The first light of spring falls on the wall of the room where I sit to write. In the morning, when the sun shines a little brighter, it traces the outline of the still leafless birch trees in the garden on the kitchen cupboard. In bed I had seen the sun already, a beam of light above the radiator in my bedroom. In the living room, that same light makes a journey along the walls. First the sun shines on the thermostat, before slowly edging on. The light moves just over the sideboard, containing photo books, with its record player on top, the cover of the record still on it – today and since awhile Coltrane – a few favourite books on the lid of the record player, then on past some photos, a lamp, a miniature Renault 4, more books, a work by the photographer Katrien De Blauwer, over the television. I know that the light shifts across and disappears. Every morning I struggle to see it leave. I can’t take leave of anything.

‘The only letters I would like to write are letters to my dead,’ Elias Canetti noted, but what would I write? For a long time, I wondered what I would have wanted to say if I had known that a friend and a brother were going to die. If the farewell had announced itself. You deceive yourself with that question. Their death had come abruptly, after the shock and the usual obligations – tears, funeral – you are given time to contemplate that question. To seek words, organise thoughts, rake together memories, apologies, thanks, final offerings. But death is unique. Unexpected does not compare to long, lingering, slow death. Canetti would be willing to do nothing but write letters to his dead.

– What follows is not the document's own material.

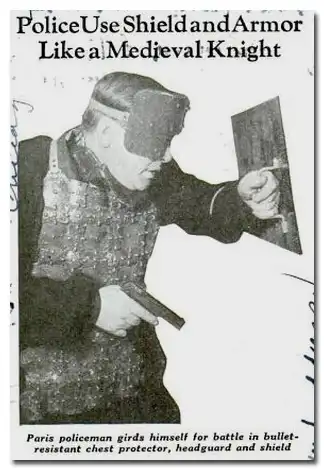 Этот парижский проект конца 1930-х годов трудно воспринимать всерьёз. Кажется, что эти доспехи склеены суперклеем на кухне этого же, не наигравшегося в детстве защитника правопорядка.

What if I could have written those letters before the end? In the last weeks before Erik died, I mulled over this. He could or would not see death coming. The video does not provide an answer and in all the texts and messages I kept, the word doesn’t occur. He sometimes felt unwell, was very tired, almost apologised for it.

We saw each other one last time. His hair was in a quiff, he wore glasses, it became an evening of talking about a lot, but not about that. About how he felt, not about what he thought, not about how he saw the future, not about what remained to be said. My one act of goodbye was one that he did not sense: I asked his wife to take a few pictures.

I almost wrote ‘to still take a few more pictures’ and in ‘still’, that small word, is the fatalism. Five simple letters that could have given me away that night. Still. An adverb with side effects, but no medication, on the contrary, ‘still’ is the toxic cocktail that could have taken away his last hope. He thought of ‘still’ only in its other sense: let us still dream, still make many plans.